(Data excerpts begins)

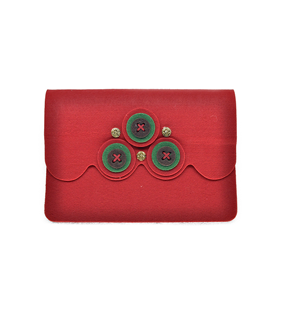 Kit fai-da-te “Creative kit” per realizzare astuccio porta tablet in feltro di colore rosso, busta contenente: sagome di feltro, matassina di filo, applicazioni varie e istruzioni pratiche.
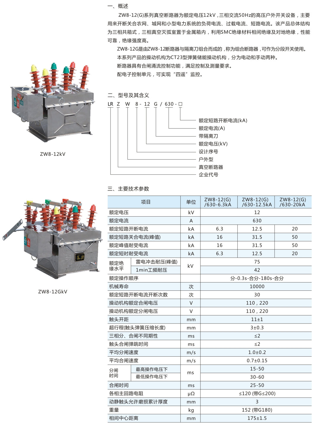 ZW8-12/630-20,ZW8-12/630-25,ZW8-12/1250-25,ZW8-12/1250-31.5
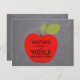 Ett stort rött äpple med tankfull typografisk citat inne i kritbordsbakgrunden skapar en personlig lärare tack vare en ge uttrycksgåva. Fyll i texten och namnteckning på baksidan av vykortet!
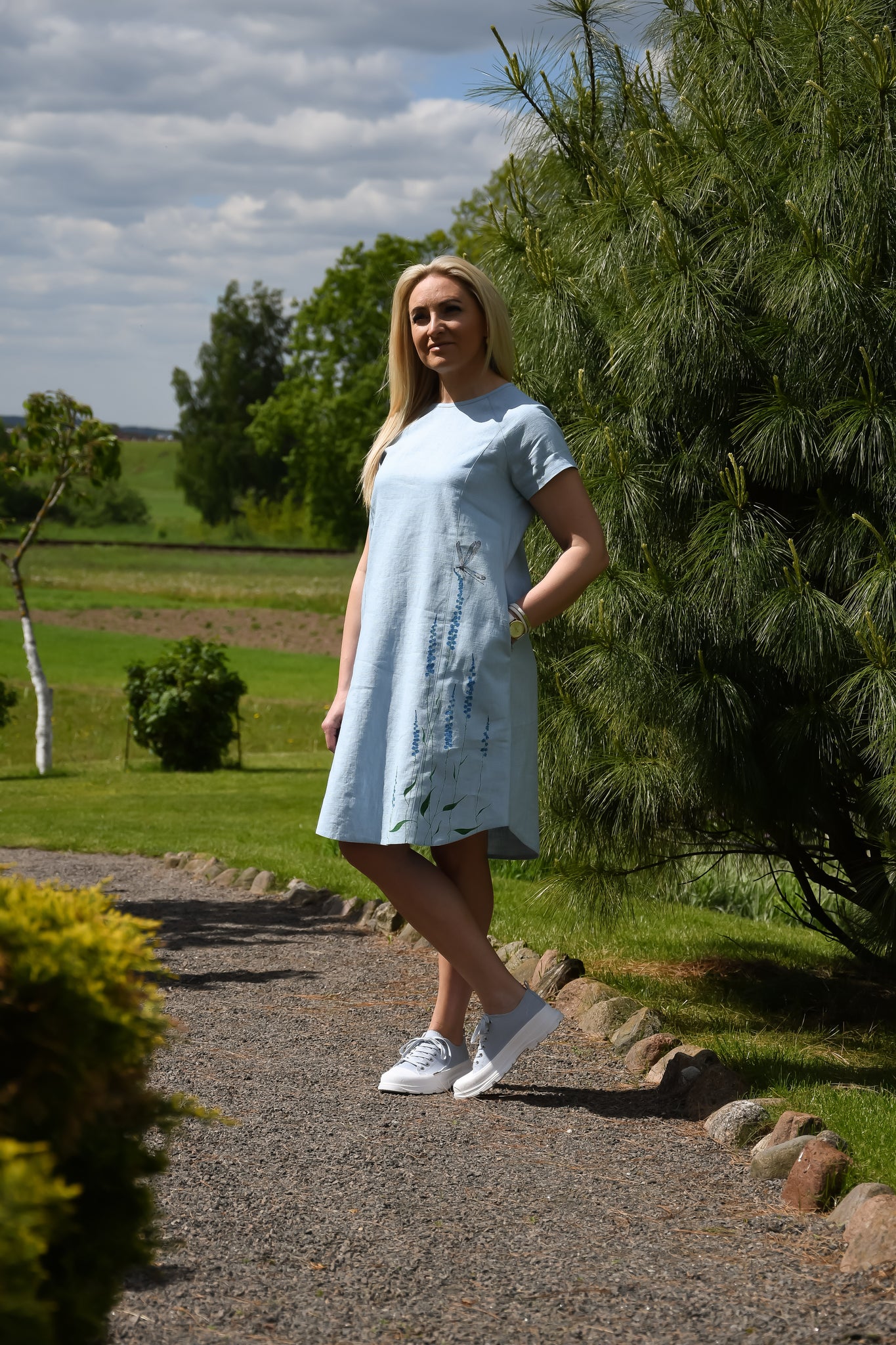 Melsvos spalvos lininė suknelė unikali, nes išpiešta dailininkės.
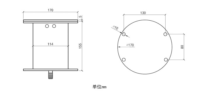 高160mm,底板φ170mm,φ主體114mm
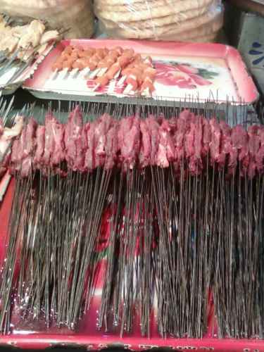อาหารที่เขามีให้เลือกซื้อทานก็ส่วนใหญ่เป็นพวกเกี้ยว หมี่ ปาว และโรตี ที่เป็นพวกแป้ง และมีเนื้อบาบีคิวย่าง หลาย ๆ อย่าง ทั้งเนื้อวัว ไก่ แพะ และของทานเล่นบางอย่าง
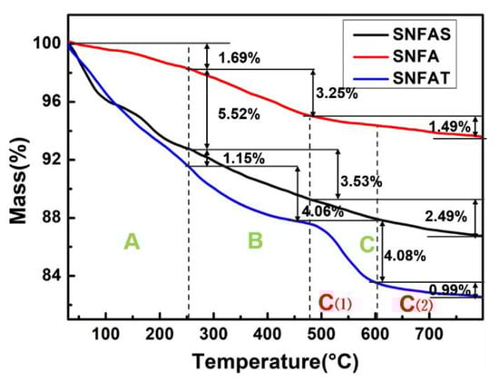 Thermogravimetric (TG) curve reflected the transformation process of the weight of three nanofibers aerogels. As shown in Figure 12, the TG curves of SNFA and SNFAS have three different stages []. In stage A (20–250 °C), the residual solvent and adsorbed water are evaporated, the samples weight were reduced by 1.69% and 7.21%, respectively. Then, in stage B (250~480 °C), the decomposition of PAM caused the weight loss of 3.25% and 3.53%. The side chains if polymer started to break and the inorganic transformation was completed in stage C (480~800 °C). The stage C of SNFAT was divided into two parts (C (1) and C (2)). The weight loss of Stage C (1) may be caused by the transition of titanium dioxide from amorphous precipitate to anatase phase []. The stage C (2) was identical to the stage C of SNFA and SNFAS.
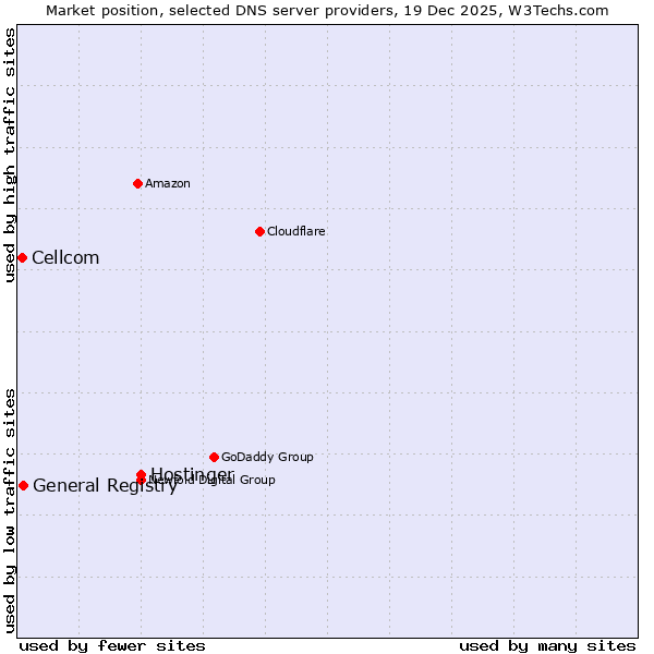 TechnologiesContent ManagementServer-side Languages Client-side Languages JavaScript Libraries CSS Frameworks Web Servers Web Panels Operating Systems Web Hosting Data Centers Reverse Proxies DNS Servers Email Servers SSL Certificate Authorities Content Delivery Traffic Analysis Tools Advertising Networks Tag Managers Social Widgets Site Elements Structured Data Markup Languages Character Encodings Image File Formats Top Level Domains Server Locations Content Languages | Technologies > DNS Servers > Technology usage comparison Comparison of the usage statistics of Hostinger vs. General Registry vs. Cellcom for websitesThis report shows the usage statistics of Hostinger vs. General Registry vs. Cellcom as DNS server provider on the web. See technologies overview for explanations on the methodologies used in the surveys. Our reports are updated daily. UsageThis diagram shows the percentages of websites using the selected technologies. How to read the diagram:
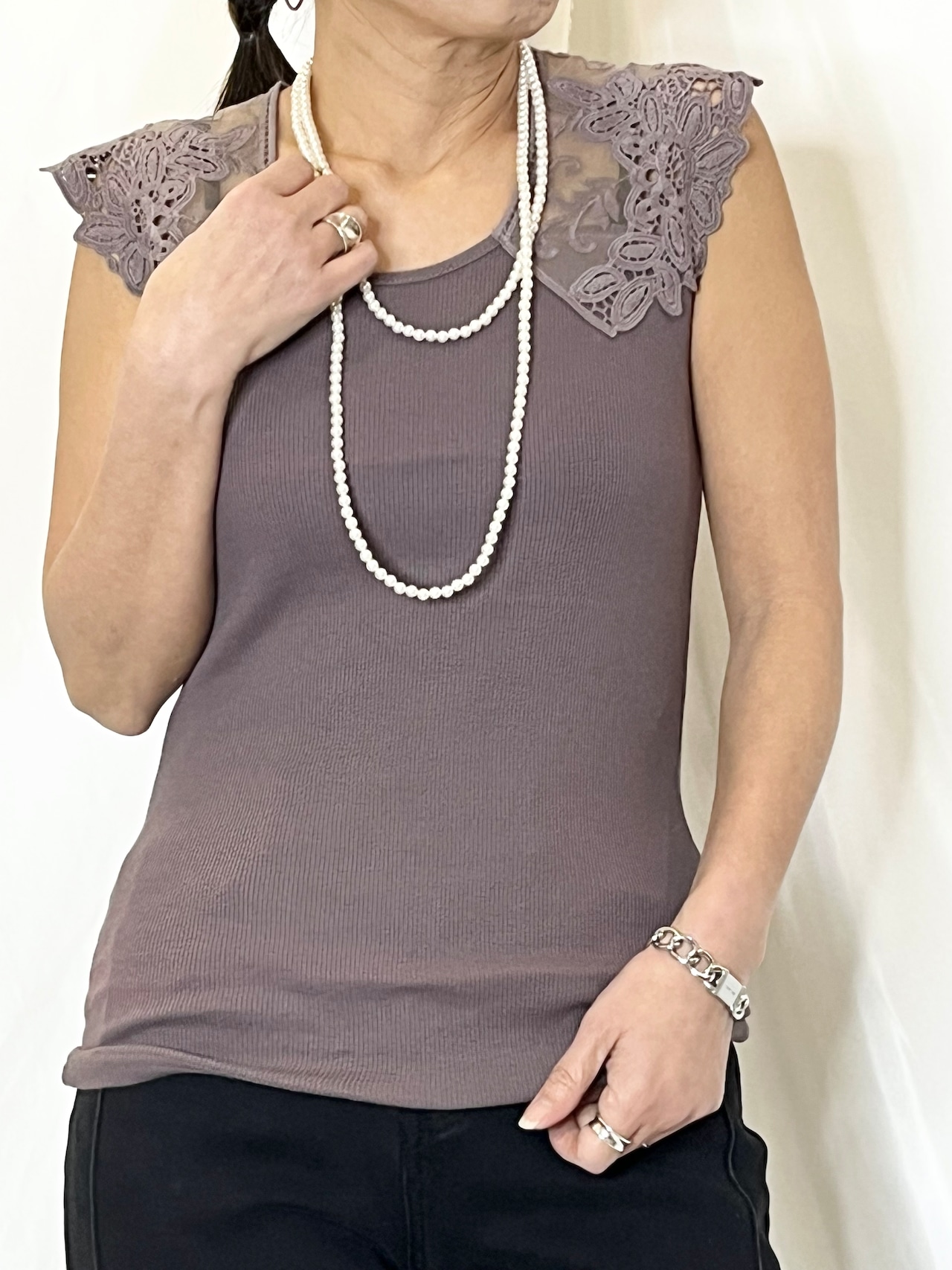tranoi 肩レースフレンチT
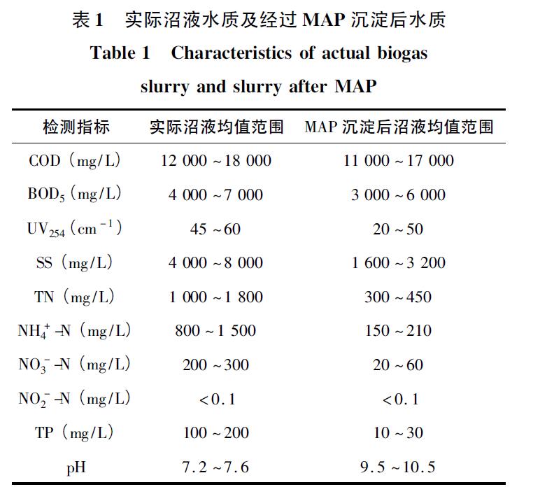 實驗所用厭氧沼液取自陜西省楊凌示范區(qū)某產(chǎn)業(yè)集團生豬實訓(xùn)基地。該場生豬出欄量為18 萬頭/a,豬場廢水主要來自糞尿、豬舍沖洗水,豬場廢水由露天排水溝匯入?yún)捬跽託獬刂校M行1 ~ 2 個月厭氧發(fā)酵。厭氧發(fā)酵后的沼液以MgCl2和Na2HPO4為沉淀劑,進行MAP 沉淀反應(yīng)前處理。實際沼液水質(zhì)及經(jīng)過MAP 沉淀后水質(zhì)情況如表1 所示。

(Data excerpts ends)

Task to carry out – Only the lines of the listing above from the one with "Melsvos spalvos lininė" through the one with "Thermogravimetric (TG) curve" should be output, exactly, with both ends kept and pictures left out.

Answer to the problem –
 Melsvos spalvos lininė suknelė unikali, nes išpiešta dailininkės.
 高160mm,底板φ170mm,φ主體114mm
อาหารที่เขามีให้เลือกซื้อทานก็ส่วนใหญ่เป็นพวกเกี้ยว หมี่ ปาว และโรตี ที่เป็นพวกแป้ง และมีเนื้อบาบีคิวย่าง หลาย ๆ อย่าง ทั้งเนื้อวัว ไก่ แพะ และของทานเล่นบางอย่าง
 Thermogravimetric (TG) curve reflected the transformation process of the weight of three nanofibers aerogels. As shown in Figure 12, the TG curves of SNFA and SNFAS have three different stages []. In stage A (20–250 °C), the residual solvent and adsorbed water are evaporated, the samples weight were reduced by 1.69% and 7.21%, respectively. Then, in stage B (250~480 °C), the decomposition of PAM caused the weight loss of 3.25% and 3.53%. The side chains if polymer started to break and the inorganic transformation was completed in stage C (480~800 °C). The stage C of SNFAT was divided into two parts (C (1) and C (2)). The weight loss of Stage C (1) may be caused by the transition of titanium dioxide from amorphous precipitate to anatase phase []. The stage C (2) was identical to the stage C of SNFA and SNFAS.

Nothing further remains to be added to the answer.